> [To do]
From the first line of the records below through the line with "O Fórum de Enfrentamento", output each line exactly; skip the pictures.

(Records from a dataset)
# # #
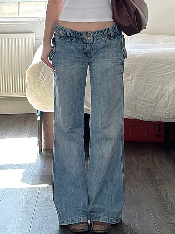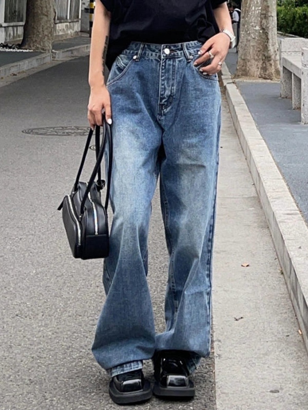Vintage Blaue Boyfriendjeans mit weitem Bein
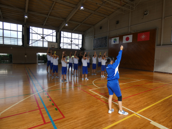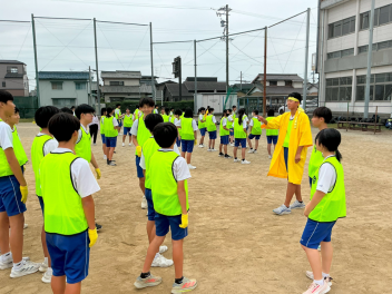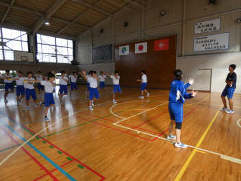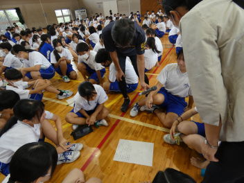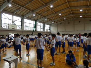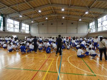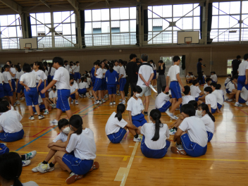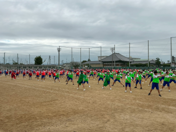 その後、これからの縦割り練習に向け、全校でソーランを踊りました。全校でのソーランはとても迫力がありました。
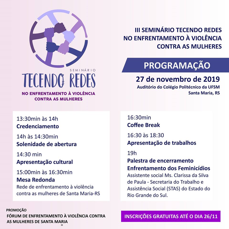 O Fórum de Enfrentamento à Violência contra Mulheres de Santa Maria liberou as lista de resumos selecionados para serem apresentados no III Seminário Tecendo Redes, que será realizado no dia 27 de novembro de 2019, no auditório do Colégio Politécnico da UFSM.
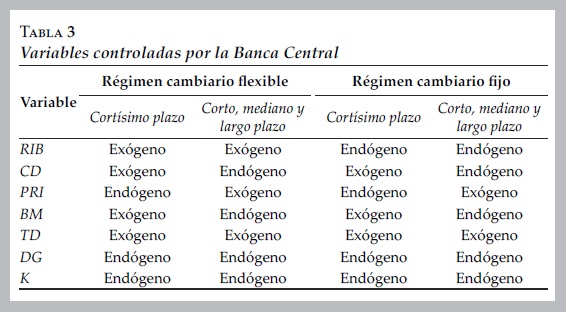 La tabla 3 resume el conjunto de variables de control de la Banca Central. En primer lugar, en un sistema cambiario flexible el acervo de reservas internacionales brutas (RIB) se encuentra bajo control de la Banca Central precisamente porque el mismo es menor que en el caso de un sistema cambiario fijo. Esto implica que en el primero de los casos la Banca Central no necesita acomodar la demanda de divisas.
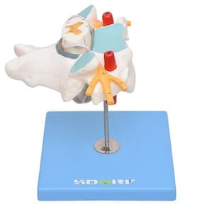 O modelo anatômico de vértebra cervical é confeccionado em PVC e pintado á mão, oferecendo ricos detalhes do osso e nervos, o Modelo SD-5013 disponibiliza 21 estruturas identificadas entre outras, tais como:* Corpo vertebral; * Acantha; * Processo transverso; * Artéria vertebral; * Processo Articular Superior; * Ramo anterior do nervo espinhal; * Ramo posterior do nervo espinhal; * Ramo de comunicação do nervo espinhal; * Gânglio espinhal; * Cone medular espinhal; * Fissura mediana anterior; * Fossa anterolateral; * Fossa posterolateral;* Fossa medial posterior; * Canal de harvers; * Corno cineral anterior; * Corno cineral posterior; * Fascículo grácil; * Fascículo cuneiforme; * Cordão lateral da substância branca; * Cordão anterior da substância branca.&Ndash; Montado em Base plástica;
# # #
> [Exercise result]
Vintage Blaue Boyfriendjeans mit weitem Bein
 その後、これからの縦割り練習に向け、全校でソーランを踊りました。全校でのソーランはとても迫力がありました。
 O Fórum de Enfrentamento à Violência contra Mulheres de Santa Maria liberou as lista de resumos selecionados para serem apresentados no III Seminário Tecendo Redes, que será realizado no dia 27 de novembro de 2019, no auditório do Colégio Politécnico da UFSM.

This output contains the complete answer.